# getting my pump



## Teena (Oct 9, 2017)

Hi everyone, am getting my pump tomorrow morning and going live straight away. petrified have been on injections for 48 years and read the books and done the online test and it's all buzzing around my head. am not very good with technology so scared I won't be able to sort it all out also going straight back to work after the appointment feeling really nervous feels like  I have been rediagnosed any suggestions would be grateful thanks


----------



## Northerner (Oct 9, 2017)

Hi Teena, welcome to the forum  Which pump are you getting? I'm not a pumper myself, but we do have members here who have a lot of experience using them, so hopefully they will be along soon to reassure you and answer any questions you may have  Have you got the book 'Pumping Insulin' by John Walsh? I believe it is highly recommended.


----------



## Teena (Oct 9, 2017)

Thanks Northerner its an accu chek insight, thanks for the info on the book shall get that  and hope all good with you


----------



## trophywench (Oct 9, 2017)

Hi Teena

You have hit the nail on the head actually - when I got my first pump - it is exactly how I felt when first diagnosed - except logically I knew darn well it absolutely wasn't the same! - I was just being daft, and didn't like the fact it WAS unfamiliar.  Someone on this forum (she knows who!) told me to ring her whenever I needed advice - and that was all I needed in truth - no, I said to myself - you need to get your own head round this, you daft old bat!

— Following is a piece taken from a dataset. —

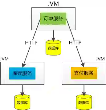在原来的单体应用中,订单模块想要调用库存和支付,只要调用相关的类或者接口就可以了,只有一个数据库,轻轻松松就可以把所有操作放到一个事务当中,保证不会出现扣了库存但是支付失败的情况。

And I did exactly that !  

Your DSN will set it all up for you and will be available at the end of a phone whenever you need her - they don't leave you on your own and rudderless, they know it's scary at first cos they're not daft.

Plus of course - you still have your pens  so you always have a safety net.  Gradually over the first few weeks, you just get used to it, same as you did jabs and then pens when they arrived on the scene.

You will have millions of questions and that's where this forum comes into its own - no such thing as a 'silly' question whatever it is about D - when you just wonder 'if I did this, what would happen?' - we've all been there where you are now and should be able to answer.

Good luck with it - and you WILL cope!


----------



## trophywench (Oct 9, 2017)

Ooh - same pump as me!  Stuff will start to make a lot more sense when you're 'live'.


----------



## Teena (Oct 9, 2017)

trophywench said:


> Ooh - same pump as me!  Stuff will start to make a lot more sense when you're 'live'.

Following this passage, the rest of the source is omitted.